However, in the report, he stressed that Canada Carbon’s “startling” grades were produced with only a three-stage flotation circuit – a standard flow sheet for processing graphite – which had “shaken” Stormcrow’s perception of the junior graphite market.

Graphite ore containing less than 10% carbon was crushed, flash-floated to liberate the largest flakes, then repeatedly milled and floated to recover the usual proportions of flake. Bulk samples were collected from Miller, with assistance from SGS Lakefield, to gather a representative sample of run-of-mine material, as opposed to a collection of ore gathered by hand from potential veins.

“While Canada Carbon presently lacks a NI [National Instrument] 43-101 resource, we have visited the site and have seen a large selection of near-surface graphite veins spanning a significant land area. It seems unlikely that the resource size will be insufficient to establish a mine.

“It will be interesting to determine if the concentrates produced by Canada Carbon are easily expanded, or if the material may be able to be sold into certain high-value specialty markets. We have not previously seen graphite purity produced through flotation alone at anything like the levels produced by Canada Carbon and the implications for the cost of expandable and battery-grade graphite concentrates is very significant,” Hykawy said.
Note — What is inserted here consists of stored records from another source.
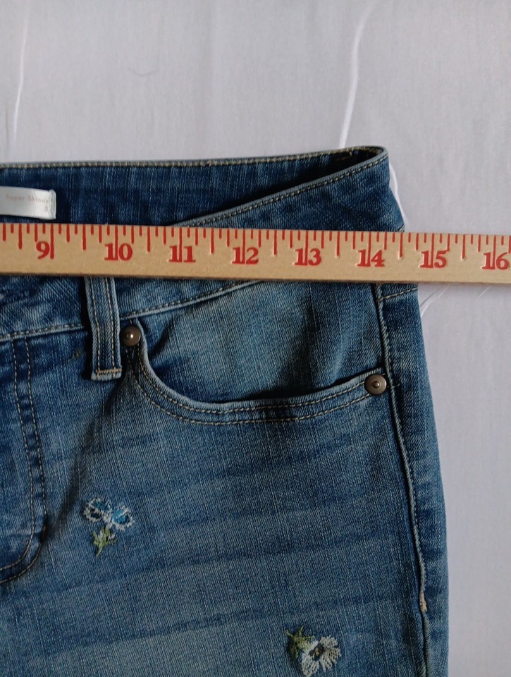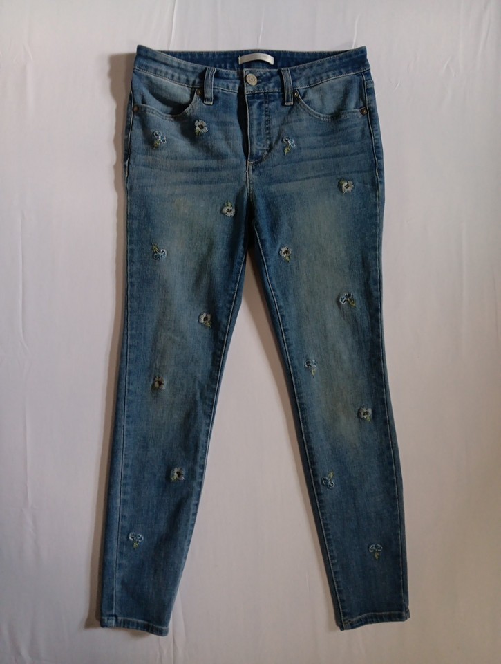 - Lauren Conrad Jeans Flower Embroidery Super Skinny Size 8 Light Blue Fade
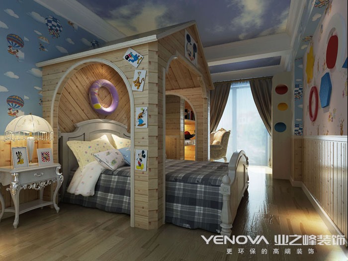 为了满足了孩子自我学习的单独空间 色彩的选择上儿童房色彩相对大单明亮 公共区域则选择了更整体更雅致的蓝色色系列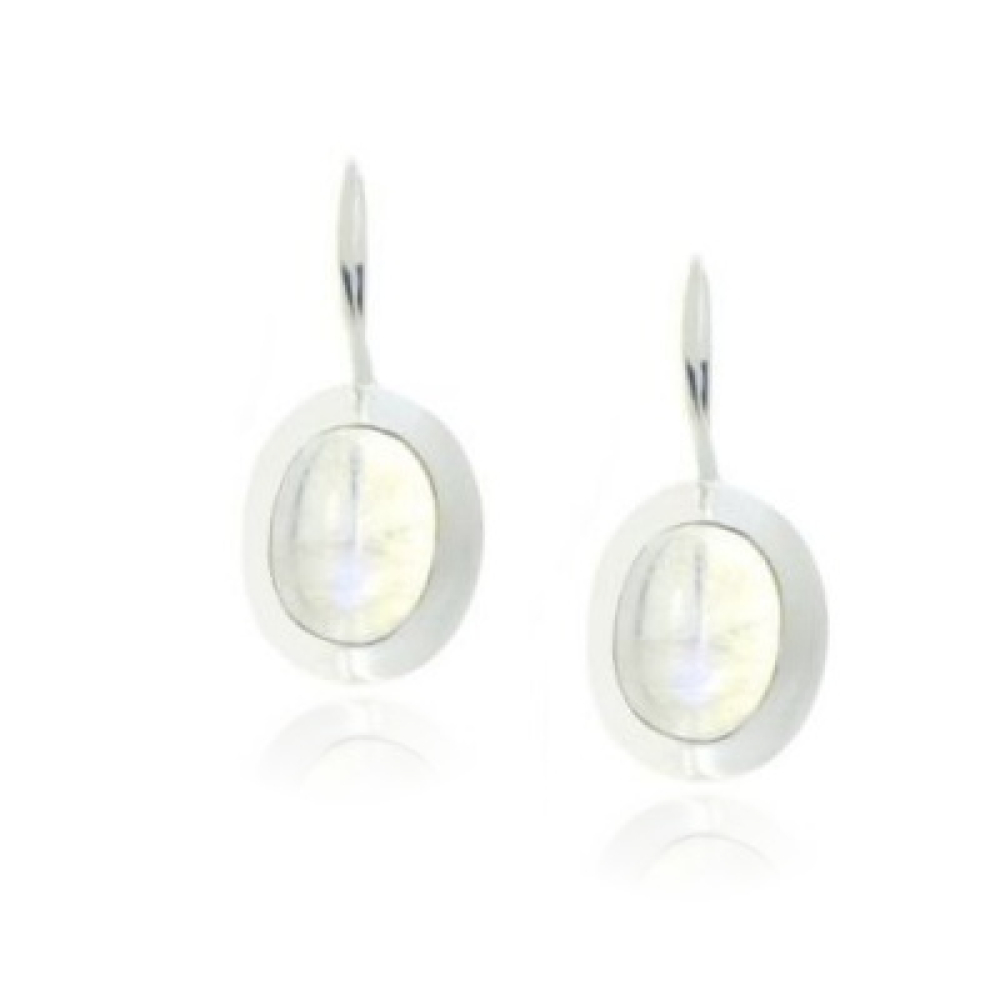 De zilveren oorhangers hebben cabouchon geslepen edelstenen. De vorm van de edelstenen zijn ovaal met een afmeting van 9 x 7 mm.

Stormcrow also noted that another potential cost advantage for the project was that a significant part of the Miller deposit appeared to be hosted in white, large-crystal marble, potentially enabling the mine’s host rock to be sold for a significant amount a tonne, further reducing the effective cost a tonne of Canada Carbon's graphite concentrates.

The Miller deposit is located about 80 km from Montreal, in Grenville Township, and has access to excellent infrastructure, including year-round road access and electricity.

Canada Carbon’s TSX-V-listed stock had gained 15% since the start of the year and on Thursday gained another 6.67% at C$0.24 apiece.